Britain sells arms to Saudi Arabia - then gives aid to its targets in Yemen
Yahir's trauma is too much.
His father tries to comfort him but his tears don't stop.
An airstrike by the Saudi-led coalition has left shrapnel embedded in his head. In the next hospital room Mohammed stands looking dazed at his injured family. Two of his children were killed in the attack which destroyed two houses.
Civilians continue to pay a high price as Yemen's war enters it's third year.
As we drive across the country the human cost of this war is clear. At least 5,000 civilians have been killed - the majority of them by airstrikes from the Saudi-led campaign.
The anger of those who blame nations like the UK for arming and supporting Saudi Arabia is never far away.
On the road to Hajjah a group of men come to talk to us as we're filming. One says he was a pharmacist but the war means he now has no job and no future. I ask him what he thinks of countries like Britain which last year sold £3.3 billion worth of arms to Saudi Arabia.
"We are very angry at countries that help the Saudis because a lot of people are dying in this war," he says.

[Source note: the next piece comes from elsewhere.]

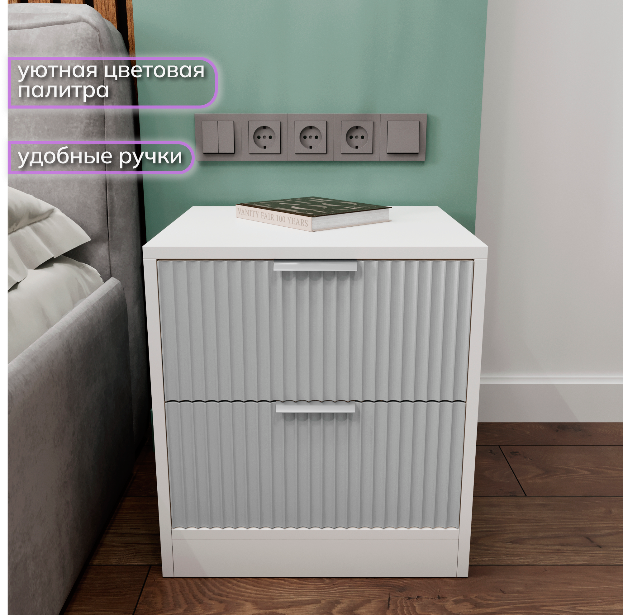 СохранитьПрикроватная тумба KOMODO ВОЛНА-1 белая/светло-серая, 2 ящика, 43.6х40х45.7 интересное:

Read more of Neil Connery's dispatches from Yemen:
Fears military action in Yemen will worsen humanitarian crisis
Over 1,500 children killed in Yemen's war as it enters 3rd year
In a remote clinic, Zahir lies weakened from hunger. The nine-month-old weighs half of what he should do. Another casualty of a war which has bred the world's largest humanitarian crisis.
The doctors treating him say the blockade of Yemen claims lives. "If medicines don't reach children like Zahir then they will die," says Dr. Ahmed Ali.

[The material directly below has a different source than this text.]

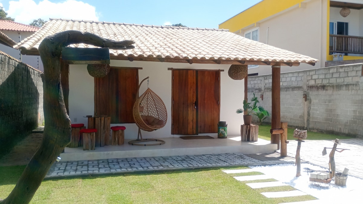 Casa de praia aconchegante no meio da Natureza a pasos do mar. O Lar de ferias para quem procura conforto e tranquilidade. Ideal para desfrutar momentos muito especiais em casal ou familia com privacidade e segurança. Varanda e Espacos priv. para relax no jardim, posibilidade de uso da área de lazer de resort beira mar. Wi-fi home-office. TV 32" com Netflix. Parking priv. interno. Facil e rapido acceso ao centro de Arraial e de Pto.Seguro. Ar condicionado. Churrasqueira . Não é condominio.

Some Aid does get into Yemen - including from Britain. But it has to overcome bombed bridges and roads which have been targeted by weapons sold by countries like Britain.
The UK is Yemen's fourth largest donor. Last year the British government gave £112 million in aid. But critics ask where's the consistency in selling arms to Saudi Arabia while giving aid to Yemen.
In the cattle shed he calls home Abdul cradles his son Mahab. He tells me severe malnutrition means the two-and-a-half-year-old is now too weak to walk.
The future of a generation born into this war is being cruelly stolen.